Em 2018, o debate sobre fake news deverá se concentrar, predominantemente, na discussão sobre as iniciativas públicas e privadas que estão surgindo para evitar a irreversível contaminação do processo democrático. Tentativas de regulação têm aparecido mundo afora com a promessa de criminalizar quem publica notícias falsas e, em alguns casos, quem as compartilha (como o Projeto de Lei 6812/2017). A medida mais recente de uma empresa de tecnologia foi a do Facebook, que anunciou na quinta-feira (11) que alteraria seu algoritmo para que publicações de amigos e familiares ganhem mais destaque do que notícias no feed dos usuários. A mudança, segundo o fundador do Facebook, Mark Zuckerberg, motivará as pessoas a interagir com conhecidos e deve reduzir o volume de conteúdo que os usuários curtem e compartilham sem ler.

capa da revista ÉPOCA desta semana analisa o presidente dos Estados Unidos, Donald Trump, e sua estratégia política, replicada em outros países, de deslegitimar a imprensa, classificando notícias desfavoráveis a ele como fake news. As reportagens mostram, também, o que França, Alemanha e Estados Unidos estão fazendo para tentar conter a disseminação de notícias falsas nas redes sociais. Sobre o cenário brasileiro, conversamos com Francisco Brito Cruz, diretor do Internet Lab, centro de pesquisa em direito e tecnologia. Seu maior receio é de que o empenho para implementar uma solução rápida por aqui termine em uma cobertura curta: elimina-se parte das notícias falsas e desprotege-se a liberdade de expressão.

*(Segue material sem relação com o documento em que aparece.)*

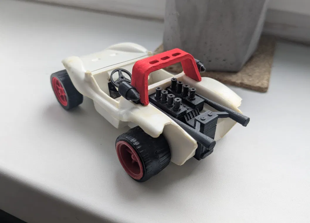 Bộ chi tiết thay thế cho xe buggy đồ chơi IGRA Bugina: motor, khung có đèn, vô lăng, mâm trước và lốp, cần lên cót. Motor chia 2 phần để dễ in/ráp; khung chỉnh để đặt phẳng lên bed.
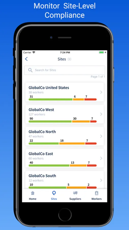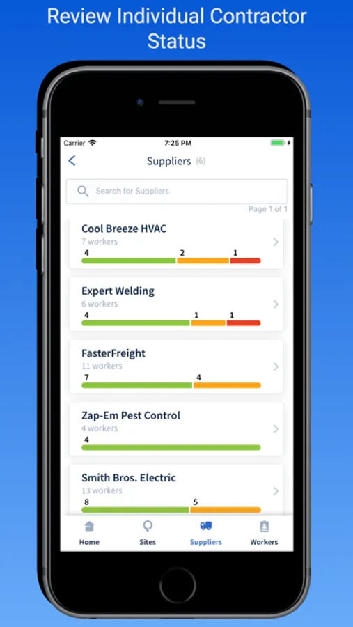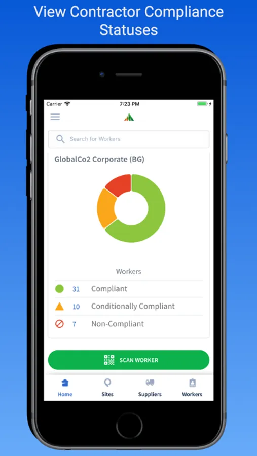 - View Contractor Compliance Statuses - Monitor the number of compliant, conditionally compliant, and non-compliant suppliers and workers
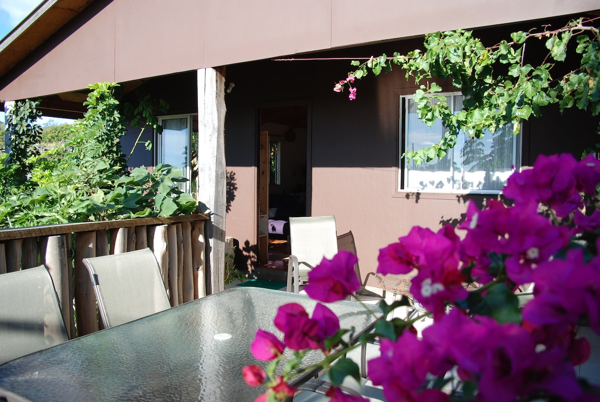 Loin des nuits bruyantes du village, louez votre maison dans un grand jardin calme, fleuri, aux vestiges archéologiques. Les cottages sont décorés de troncs sculptés, peintures et créations d'artistes locaux. Engagés pour un tourisme éco-responsable, Céline, écrivaine, conteuse française et Juan, agriculteur bio rapanui vous accueillent pour personnaliser votre séjour et le rendre unique. Location de voiture à prix préférentiel, tours, conseils. Idéal pour les enfants, le yoga et déconnecter.
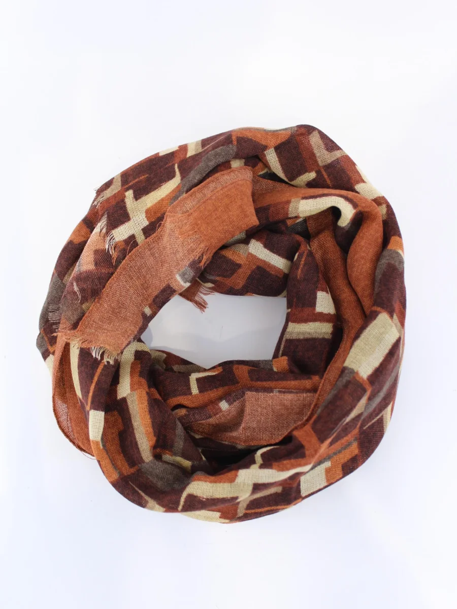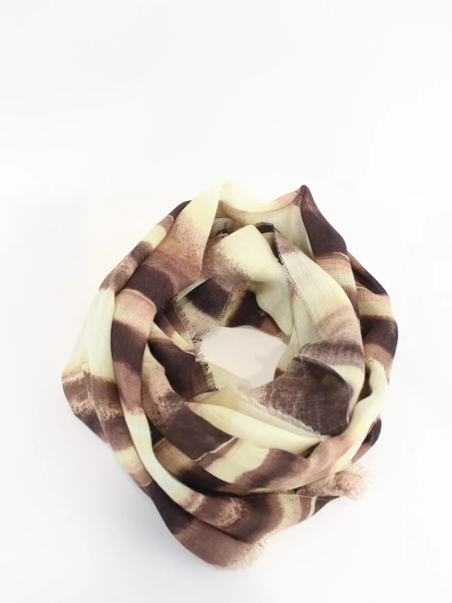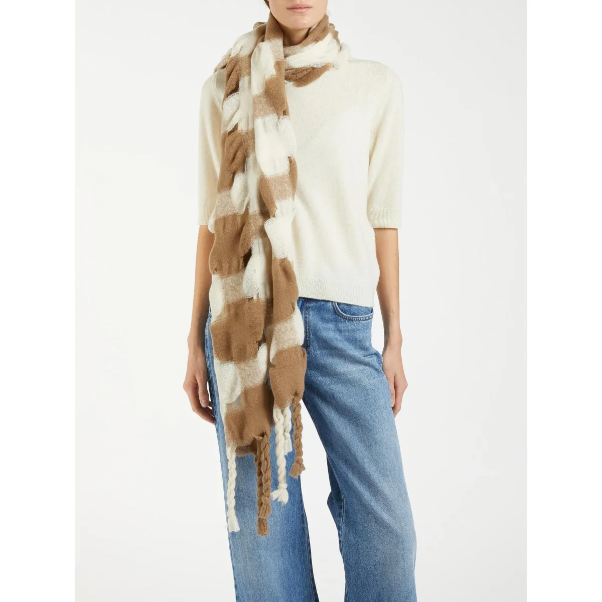 Sciarpa in tessuto con traforo e disegno check in contrasto, frange intrecciate sui lati corti, colore beige
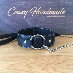 Ошейник Crazy Handmade — стильное дополнение к БДСМ образу. Черного цвета. Декорирован металлическим кольцом. Выполнен из мягкой и приятной на ощупь кожи. В
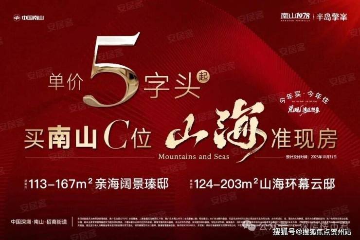 南山C位山海现房,建面约113-203㎡3-5房,山海环幕云邸。
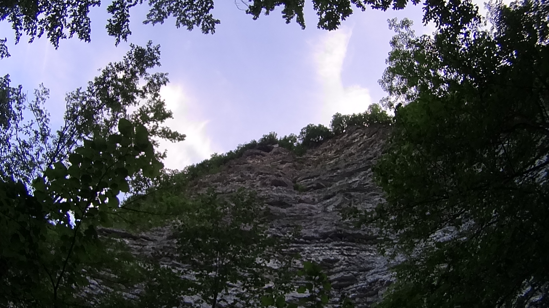 Отвесная стенка высотой метров 50. Идеальное место для самоубийц и парапланеристов
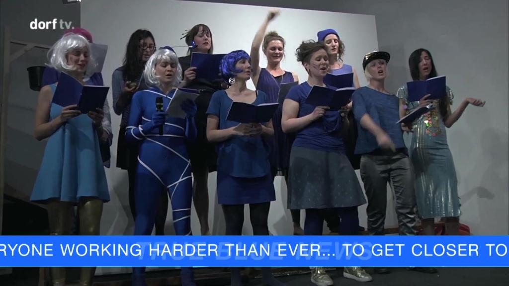 A performative talk-discussion-news-broadcast-concert party thing with eutopic tones.
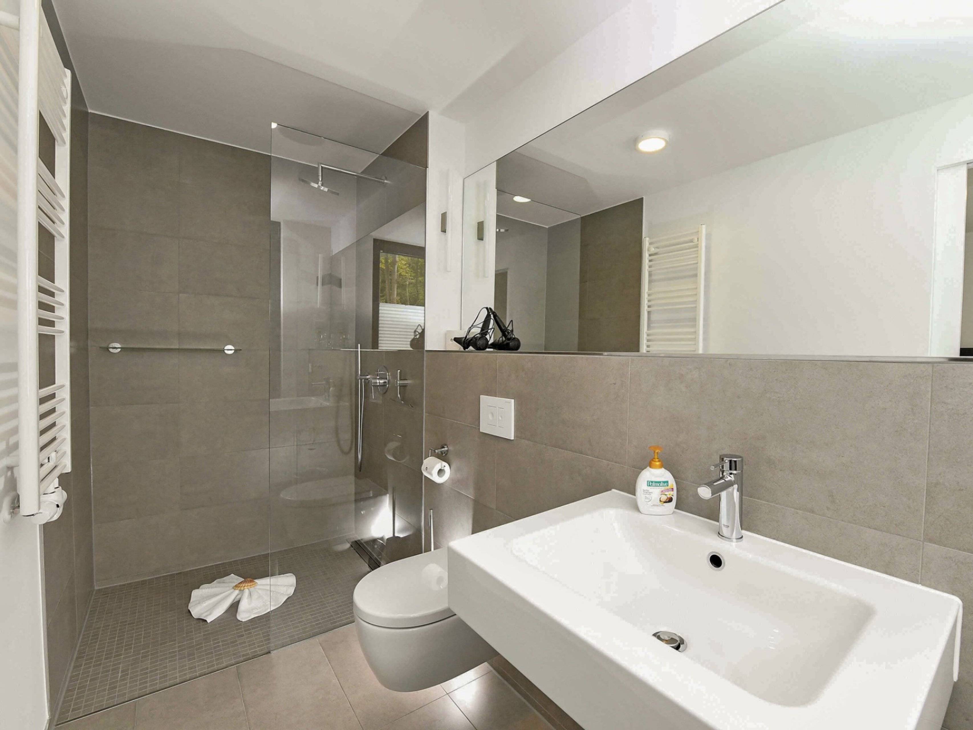 Fußbodenheizung Handtuchheizkörper Spiegel Walk- In- Dusche Waschbecken WC
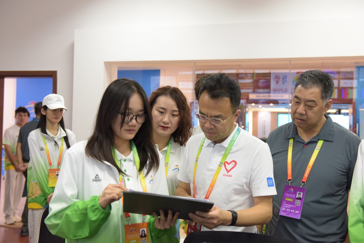 (张朝晖书记(中)考察指导学青会主媒体中心志愿者工作)
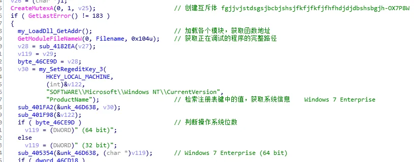 创建互斥体fgjjvjstdsgsjbcbjshsjfkfjfkfjfhfhdjdjdbshsbgjh-OX7P8W,此外还会获取一些模块的导出函数,检索注册表中的键值,获取操作系统的信息。
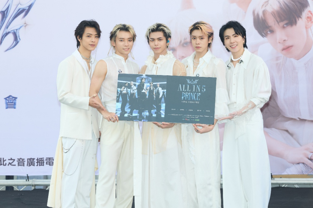 王子系男團ALL IN 5 今日(1/8)在台北舉辦《PRINCE》專輯簽唱會,現場氣氛熱烈,歡呼聲充滿西門町聯合醫院廣場;去年12/16推出《PRINCE》實體專輯的ALL IN 5 在這張專輯上下了十分的努力,不僅挑戰〈PRINCE〉超難戰舞,同時也以韋禮安打造的〈不愛了〉讓大家見證歌唱功力,〈PRINCE〉MV線上點閱己破百萬,〈不愛了〉也己破50萬,好成績讓男孩們十分開心:「覺得人生里程碑有一個解鎖了,接下來要朝向下一個一百萬。」ALL IN 5 專輯簽唱會從台中、高雄回到台北,ALL IN 5見到嘉賓吳映潔直喊:「店長!」去年在實境綜藝節目當實習生的ALL IN 5 在吳映潔眼中真的是「長大了。」
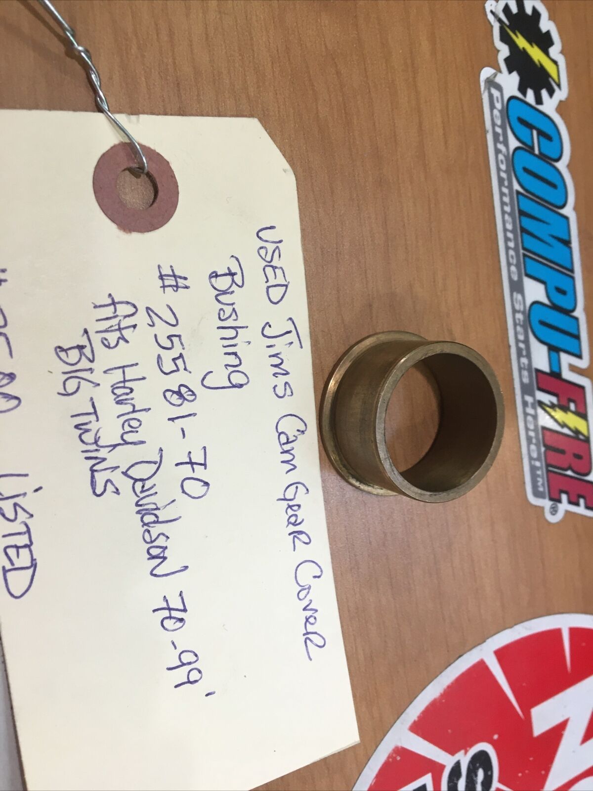 Jims Cam Gear Cover Bushing #25581-70. Condition is used. Fits Harley Davidson 70-99’ Big Twins buyer is responsible for fitment and applications . Std size
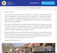 : V stredu 15.4. od 8 do 11 h probehne blok. cisteni na ul. Cechova mezi Svehlovou a Brnenskou. Prosime ridice, aby vcas preparkovali. Dekujeme!

ÉPOCA – A mudança de algoritmo do Facebook, que reduz o alcance de notícias, é uma saída inteligente para evitar a disseminação de fake news?
Francisco Brito Cruz –
 A recalibragem do algoritmo do feed de notícias, anunciada na semana passada, é uma iniciativa que a sociedade precisa acompanhar de perto. O caminho adotado é de cautela e redução da exposição dos usuários da rede social a certos conteúdos. Da maneira como foi descrito, a empresa tentará prever e priorizar conteúdos a partir dos quais os usuários vão interagir mais com seus amigos em detrimento à distribuição de postagens públicas, feitas por páginas de empresas e organizações. Reconhecendo que tais mudanças podem diminuir o engajamento e o tempo que as pessoas gastam na plataforma, Mark Zuckerberg afirmou que mais interação com amigos e menos leitura e audiência passiva valorizará o tempo desses usuários.

ÉPOCA – Qual o risco dessa recalibragem?
Cruz – 
Como o Facebook se tornou vital para a circulação de informações, a arquitetura do “feed” impacta no exercício de uma série de direitos. Mudar o feed muda a forma como discutimos qualquer assunto na rede, inclusive política. Existem riscos envolvidos com essa iniciativa, especialmente porque ela não muda o quadro de polarização política que vivemos desde as eleições de 2014. Vamos continuar polarizados. De outro lado, se a empresa se mantivesse inerte, estaria dando as costas a usos antiéticos que os agentes têm aplicado a suas ferramentas, expondo seus usuários. Dessa forma, a única saída inteligente é, na verdade, que acompanhemos e discutamos todos os efeitos desse passo.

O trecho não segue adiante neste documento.